PROBLEM TO SOLVE
Pictures stay out of the copy. Retype exactly, and only, the lines from the one containing "4일 오전 서울 여의도" through the end of the listing below.

SUPPLIED RECORDS
┌────────
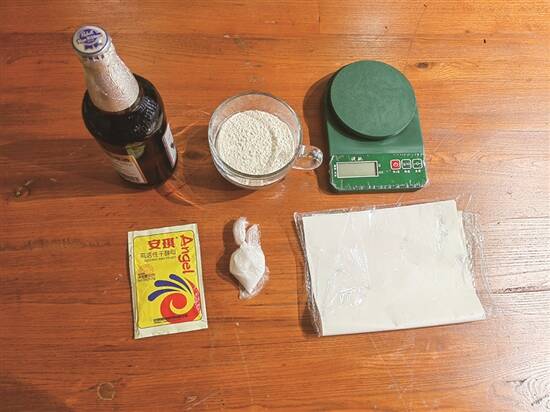 1.准备面粉200g、啤酒175g、食用盐3g、干酵母6g,将食材全部混合搅匀。
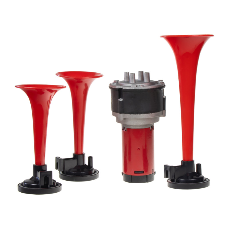 2-trubková fanfára poháněná vzduchovým kompresorem dodávaným v sadě.Trubky jsou vyrobeny z pochromovaného ABS plastu. Kompresor je spojen pevně s trubkami
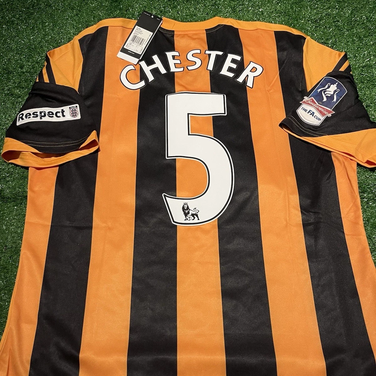 A brand new with tags 2013/14 primary shirt by adidas that has been pimped up with FA Cup appliques and ‘Chester’ as well as his squad number #5 sold for £79.99.
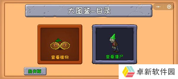 4、点击左下角“图鉴”玩家可以查看植物图鉴、僵尸图鉴,了解不同植物和僵尸的效果、威力等特性;
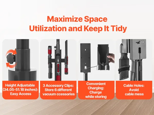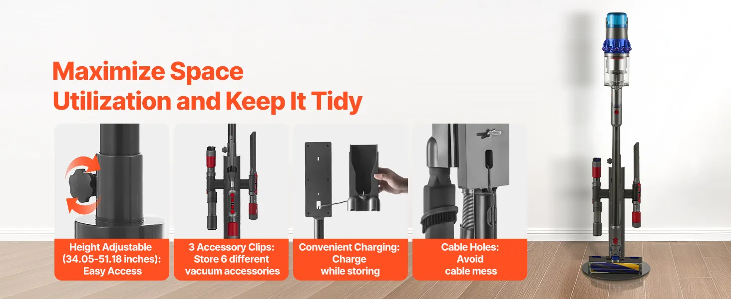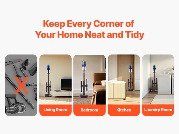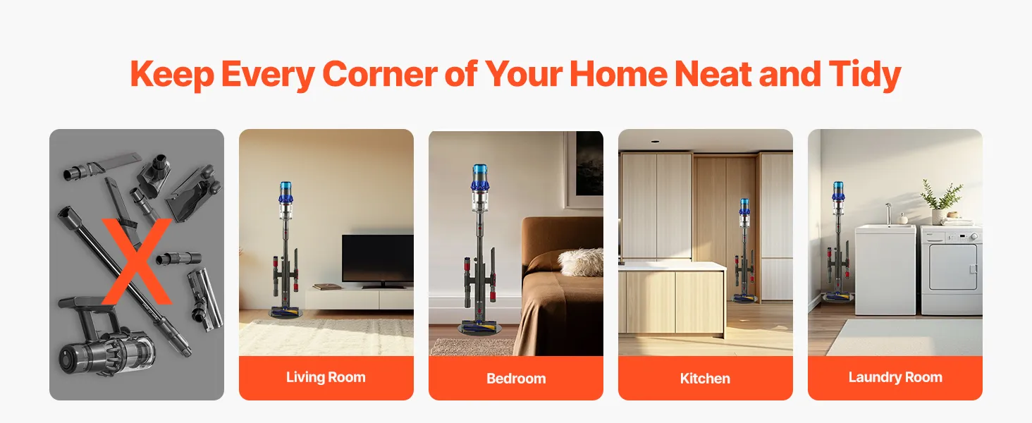 Niezależnie od tego, czy znajdujesz się w salonie, sypialni, kuchni czy pralni, ten stojak pomoże Ci uporządkować odkurzacz i akcesoria, zwolni miejsce na podłodze i stworzy wolną od bałaganu przestrzeń życiową, dzięki czemu Twój dom pozostanie uporządkowany.
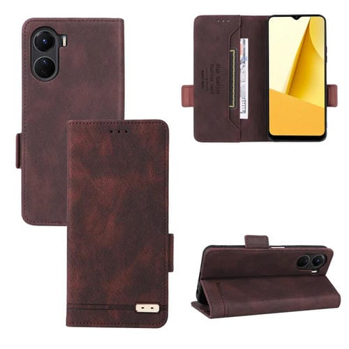 Para Vivo Y16 4G Cierre Magnético Flip Funda de Cuero para Teléfono (Marrón)
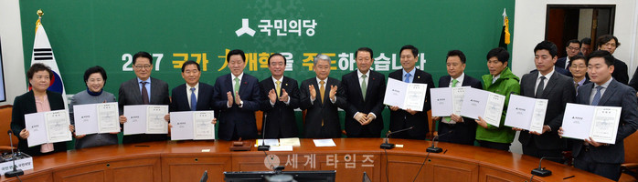 4일 오전 서울 여의도 국회 국민의당 대표실에서 열린 공명선거 선포식에 참석한 후보들이 서약서를 들고 기념촬영을 하고 있다. 왼쪽부터 양미강, 신용현 여성위원장 후보, 박지원, 황주홍 당 대표 및 최고위원 후보, 주승용 원내대표, 장병완 중앙당 선거관리위원장, 김동철 비상대책위원장, 박주선 전당대회준비위원장, 손금주, 김영환 당 대표및 최고위원 후보, 김병운, 김지환, 김정환 청년위원장 후보. 2017.01.04.
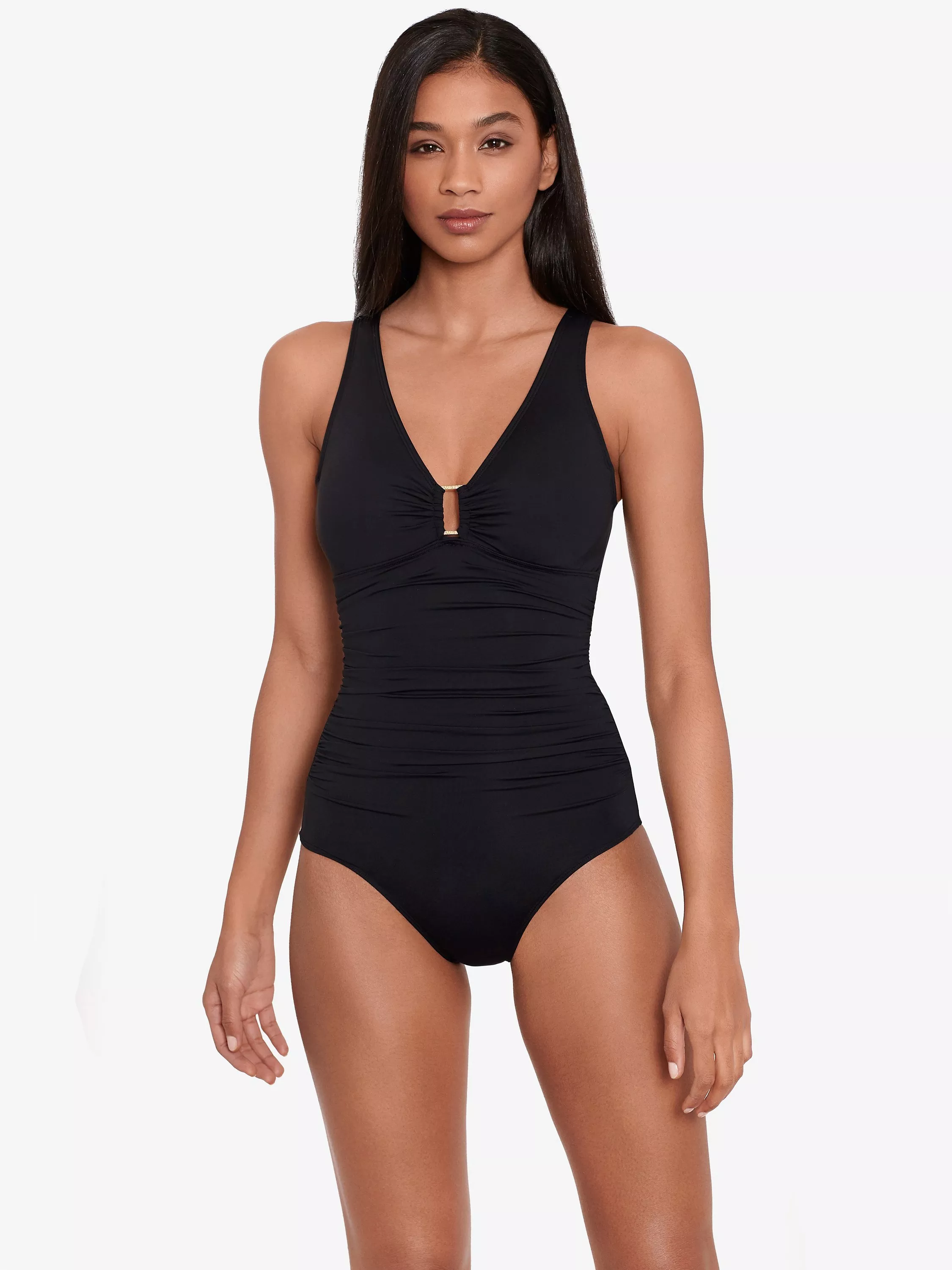 Destined for sun-drenched beach days, this ring front swimsuit by Lauren Ralph Lauren complements with a plunging neckline, underwiring, removable padding and a scooped back.
└────────
REPLY TO THE EXERCISE
 4일 오전 서울 여의도 국회 국민의당 대표실에서 열린 공명선거 선포식에 참석한 후보들이 서약서를 들고 기념촬영을 하고 있다. 왼쪽부터 양미강, 신용현 여성위원장 후보, 박지원, 황주홍 당 대표 및 최고위원 후보, 주승용 원내대표, 장병완 중앙당 선거관리위원장, 김동철 비상대책위원장, 박주선 전당대회준비위원장, 손금주, 김영환 당 대표및 최고위원 후보, 김병운, 김지환, 김정환 청년위원장 후보. 2017.01.04.
 Destined for sun-drenched beach days, this ring front swimsuit by Lauren Ralph Lauren complements with a plunging neckline, underwiring, removable padding and a scooped back.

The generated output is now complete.